Durante a reunião, Vieira recebeu o convite para que o presidente Lula participe da posse do argentino no dia 10 de dezembro. “Não há nenhum tipo de problema, de constrangimento, por qualquer natureza que seja. Os governos organizam as listas de convidados, mandam e os que quiserem aceitam, os que não quiserem não aceitam, mas também há um tratamento diferente para chefes de Estado e para convidados diretos”, disse diante da aproximação de Javier Milei e o ex-presidente Jair Bolsonaro.
Na prática sabendo que fez contra Milei na eleição, o governo brasileiro trabalha com diferentes cenários sobre quem representará Lula na posse de Javier Milei, presidente eleito argentino, em 10 de dezembro.
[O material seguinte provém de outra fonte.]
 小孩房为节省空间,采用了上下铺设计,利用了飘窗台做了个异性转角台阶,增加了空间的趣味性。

Em nenhum deles, até agora, é cogitada a possibilidade de Lula ir ao evento, segundo o Jornal Metrópoles. O chanceler Mauro Vieira deverá ser o representante do Brasil, mas nem isso é certo. Um dos fatores que será levado em conta é sobre qual será o tratamento dado a Jair Bolsonaro no evento. Caso o governo argentino não crie distinções entre chefes de Estado e seus representantes de ex-chefes de Estado, o Itamaraty avalia que Mauro Vieira possa não ir e enviar, sem seu lugar, o embaixador em Buenos Aires, Julio Bitelli. Dada a proximidade entre Brasília e Buenos Aires, é possível que a decisão seja tomada até a véspera. Milei não esconde sua preferência por Jair Bolsonaro.
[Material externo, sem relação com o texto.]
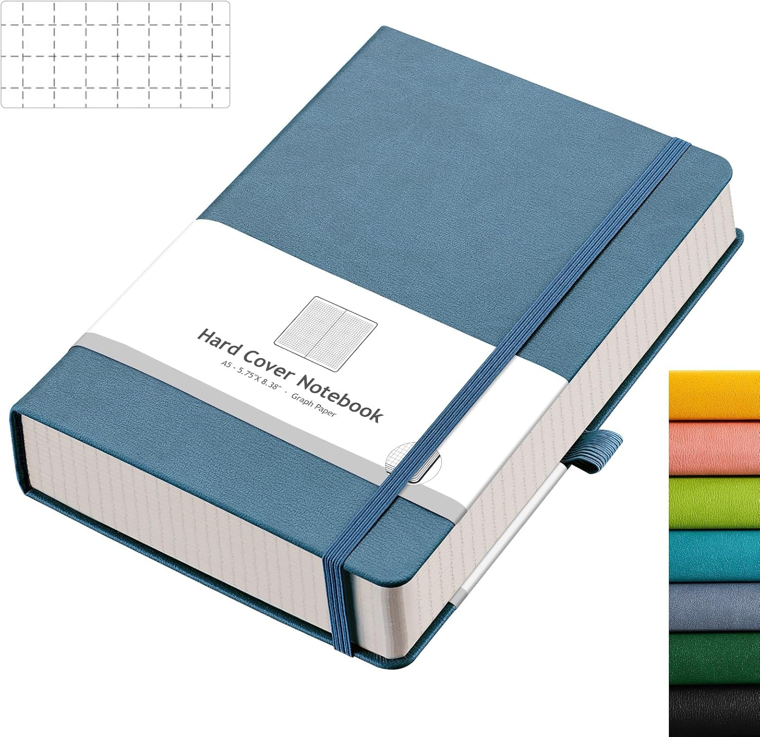 AHGXG Graph Paper Notebook - 320 Pages Grid Notebook Thick Journal A5, 100gsm Thick Graph Paper, Leather Hardcover, Inner Pocket,5.75'' × 8.38''- GrayBlue

O tom do convite de Milei a Lula parece repor as relações num nível adequado. Resta saber se o presidente eleito da Argentina será capaz de manter relação formal com a nova atitude que exibe. As tratativas entre Brasil e Argentina dependem a partir de agora do novo ocupante da Casa Rosada. Lula, como sempre ensaiou uma nova versão. “Lula deve se afastar de Milei sem se distanciar da Argentina”. Isto é impossível, pois Lula não tem uma relação nem aprovação com povo argentino. Lula na verdade não deve ir à Argentina com medo da certeza que será vaiado. Afinal nenhuma população gostaria de saudar um presidente de país vizinho que tentou mudar e intervir no curso da sua história.